Abstract

Mineral-scale Pb isotopic variations in cumulates of the Kiglapait intrusion, the largest troctolitic intrusion of the Proterozoic Nain Plutonic Suite in Labrador (Canada), are evaluated directly in thin section by single spot LA-ICP-MS analysis of minerals with low Pb concentrations (e.g., plagioclase = 0.31–3.3 ppm, clinopyroxene = 0.06–1.1 ppm) at high spatial resolution (<100 μm). Analysis of reference materials (BCR-2G, NIST 612, KL2-G, MASS-1) demonstrates that the results are accurate despite the very low amounts of Pb measured (0.04–18 pg) to preserve high spatial resolution. The Pb isotopic ratios of all plagioclase spot analyses overlap within uncertainty and with co-existing clinopyroxene.
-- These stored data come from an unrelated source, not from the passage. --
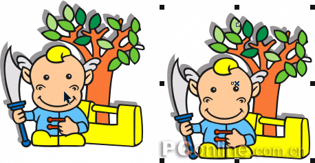 小知識:在工具箱中選中“挑選工具”,按下鍵盤上的 tab 鍵,就會選中在 coreldraw 中最后繪制的圖形,如不停的按 tab 鍵,則 coreldraw 會按用戶繪制順序從最后開始選取對象。
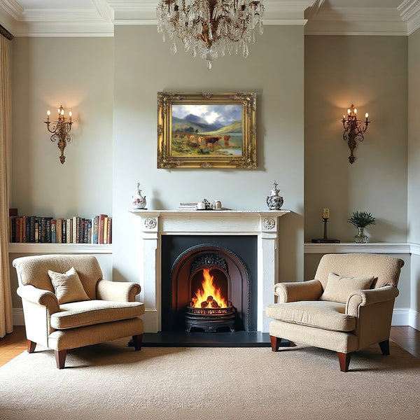 A Fine Oleograph on Stretched Canvas in an Ornate Rococo Frame, depicting Highland Cattle grazing by a Loch. The Oleograph measures 16 inches x 12 inches with overall measurements in the Hand Painted Gesso Gallery frame being 22 inches x 18 inches. The Oleograph has a hand applied varnished finish with replicates the appearance, craquelure, patina & texture of an oil painting.
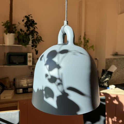 Pendellampe laget i kryssfiner med et varmt preg og et spennende lysspill.
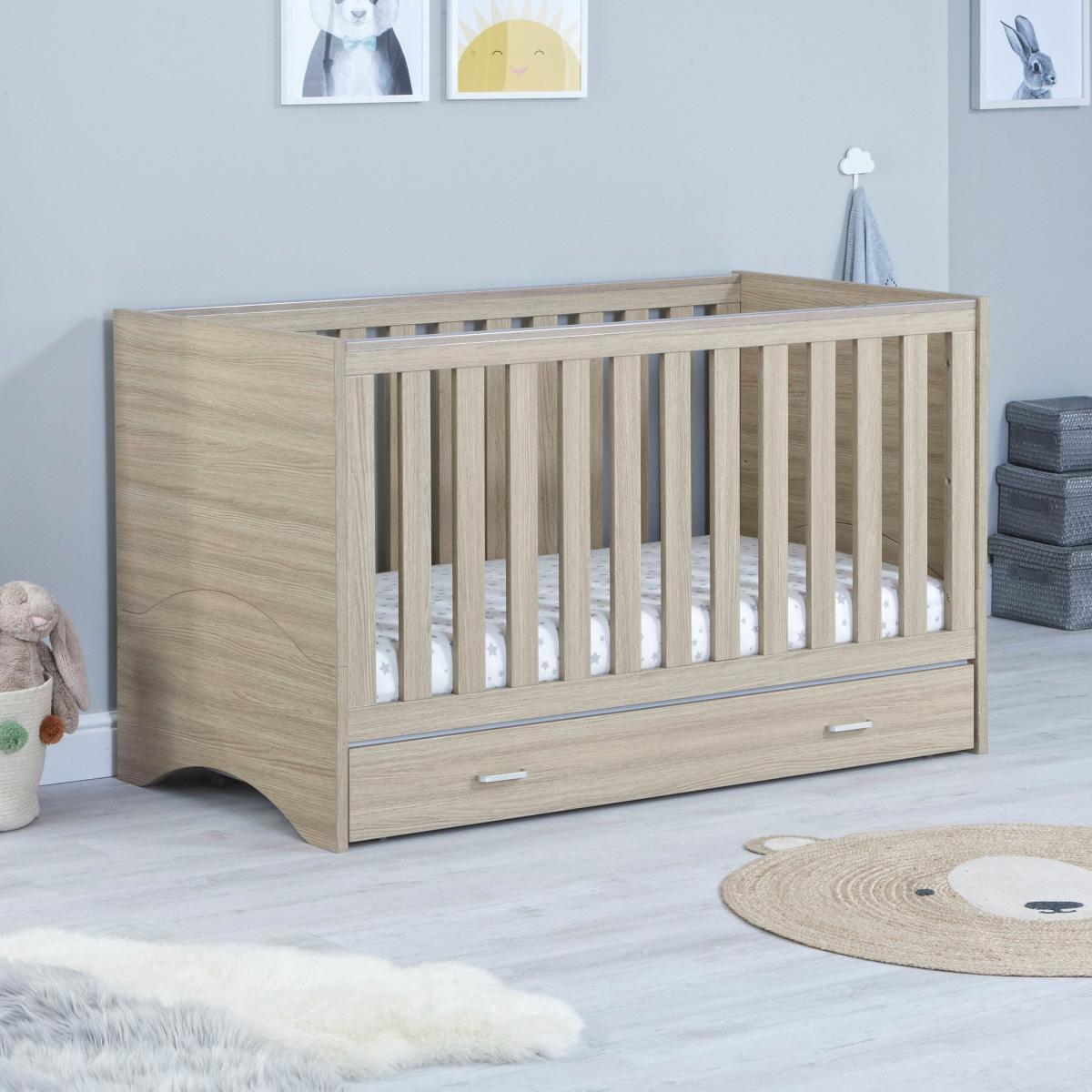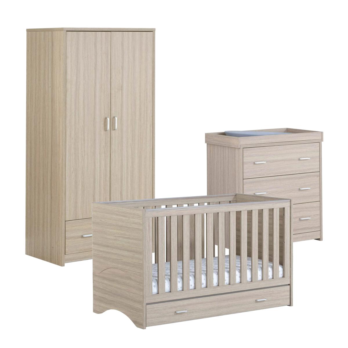 Babymore’s Veni nursery collection brings neat lines and a beautifully textured wood effect finish for a modern, warm, and clean design which will sit stylishly in your baby’s nursery. This 3-piece room set consists of the Veni cot bed, versatile changing unit and double wardrobe which are available in a natural or white and natural colour to coordinate with your nursery décor theme.**Cot Bed*** Cot bed converts to toddler bed* Full width drawer on runner* Suitable from newborn to (approx) 5 years old* Three adjustable mattress height positions* Protective teething rail on top of both sides Compatible with Babymore mattress size 140 x 70cm (sold separately)Designed to start its life as a cot, this cot bed transforms as your baby grows with the three mattress positions, which you can eventually convert it into a stylish toddler bed. The highest position allows access to your baby without placing too much pressure on your back and you can easily lower the mattress position as your baby grows. A protective teething rail is fitted along both sides to protect the wood from nibbling and teething marks.**Drawer Chest & Changing Unit*** Combined changer & dresser* Removable changer top* 3 full size drawers* Suitable from birth to 12 months* Requires a changing mat size 75 x 45cm (not included)The 3 deep and generous sized drawers offer ample space for your baby’s essentials and clothes and the changing section is attached to the top of the chest unit. Accommodating a changing mat up to 75 x 45cm and set at the perfect height for parents, the changing section can be easily removed to create a more traditional chest of drawers when your baby has outgrown the changing stage.**Double wardrobe*** Double soft close doors * Full width large drawer* Internal hanging rail* Adjustable shelf Complete with a hanging rail, a pair of soft close doors and an adjustable shelf, this stylish and practical wardrobe will prove essential with your nursery furniture and organising you baby’s precious outfits
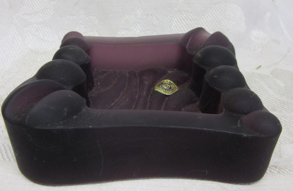 Westmoreland PURPLE Frosted GLASS SQUARE ASHTRAY with Label Westmoreland PURPLE Frosted GLASS SQUARE ASHTRAY with Label Click images to enlarge Description This is a vintage Westmoreland glass square ashtray that hs done in a purple satin-frosted finish. Measures about 3 3/8" x 3 3/8" with rouned corners. Has the original label. Has no chips or cracks. Has one tiny spot where the finish has a rub mark so it looks a little glossy in that spot. Buyer pays shipping! I am always happy to combine shipping charges on multiple purchases as long as it does not damage the items. Get images that make Supersized seem small. Showcase your items with Auctiva's Listing Templates! The complete eBay Selling Solution. Track Page Views With Auctiva's FREE Counter
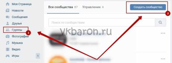 - Для начала создаём сообщество (Мои группы —> Создать сообщество —> Группа (ввести название) —> Создать сообщество).
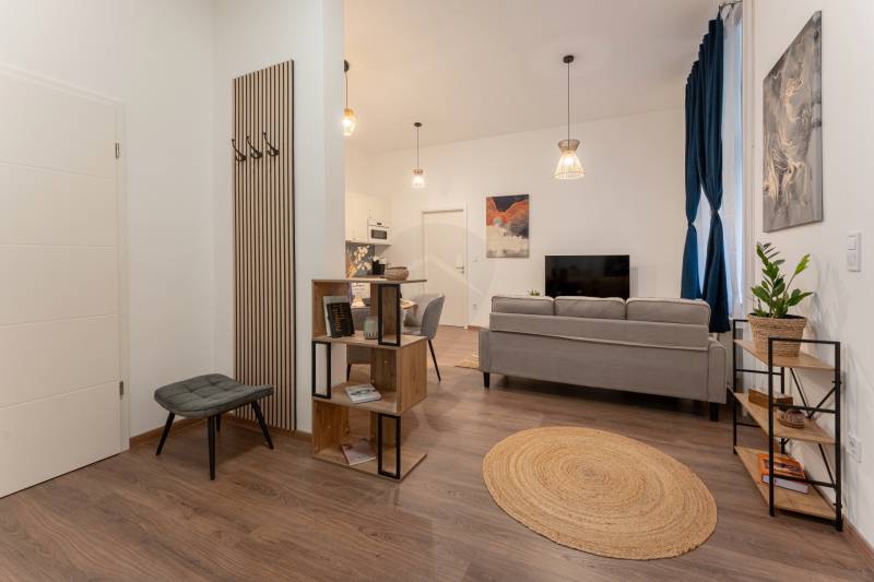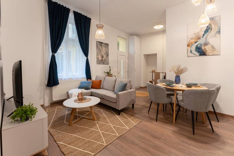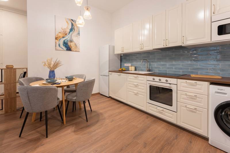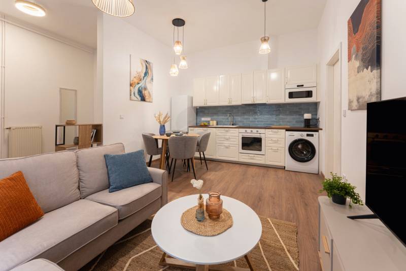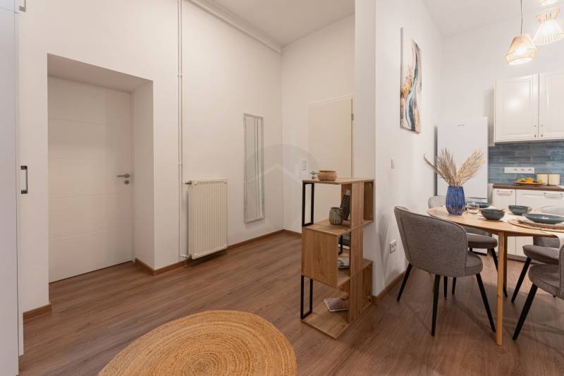 Budapest szívében, a közkedvelt Corvin sétány közvetlen közelében kínálunk eladásra egy világos, jól kialakított, 63 m²-es, amerikai konyhás nappalival és 2 hálószobával rendelkező lakást, amelyhez 9 m²-es privát terasz is tartozik.Főbb jellemzők:Duplakomfort: 2 fürdőszoba, 2 WC – ideális több személy vagy vendégek számára isPrivát lakosztály hangulat: az egyik hálószobához saját fürdőszoba és közvetlen teraszkapcsolat tartozikAmerikai konyhás nappali – világos, nyitott tér a közös pillanatoknakGépesített konyha, teljes berendezésselAz ár tartalmazza a bútorokat – de kérésre cserélhetőkBeépített gardrób szekrények igény szerint elkészítve, az árban benne vanBelső udvarra néző terasz – csendes, nyugodt, mégis központi elhelyezkedésAz ingatlan az első emeleten helyezkedik el – így könnyen megközelíthető, de kellő magasságban van a városi nyüzsgéstől.Miért különleges ez a lakás?Többfunkciós kialakítás: alkalmas otthonnak, irodának vagy befektetésnek – akár két külön lakrészként is kiadhatóTökéletes választás pároknak, kis családnak vagy hosszú távú kiadásra isAzonnal költözhető vagy kiadható állapotLokáció – minden kéznél:A Corvin-negyed az egyik legélhetőbb városrész Budapesten: éttermek, kávézók, mozi, fitneszterem, boltok, patika, Corvin Plaza – minden 1-2 perc sétára.A közlekedés is kiváló: M3 metró, 4-6 villamos, számos buszjárat elérhető néhány lépésre. |

There are no significant differences between the cores and rims of plagioclase or clinopyroxene, between interstitial or cumulus augite, and with the analyses of interstitial sulfide, biotite, and symplectites (late-stage reactive microstructures). The LA-ICP-MS results support closed-system crystallization of the constituent phases (primocrysts, interstitial minerals) in the Kiglapait cumulates. The results contrast with published Pb isotopic ratios of mineral separates (unleached, leached, leachates) from the Kiglapait intrusion analyzed in solution by MC-ICP-MS where only the relatively unradiogenic leached plagioclase, taken as representative of the initial isotopic composition at 1307 Ma, has the same isotopic composition as that defined by the LA-ICP-MS analyses. A radiogenic Pb component, volumetrically minor and not detected by the LA-ICP-MS analyses (n = 483), appears to have been introduced by a cryptic alteration event from high-temperature fluids during the earliest stages of cooling of the Kiglapait intrusion. Determination of the Pb isotope compositions of common rock-forming minerals, characterized by low Pb concentrations (a few ppm), in mafic layered intrusions can be achieved rapidly by LA-ICP-MS and has the potential to yield significant new insights related to the petrogenesis of plutonic rocks, and phenocryst-bearing volcanic rocks, in the Earth's crust.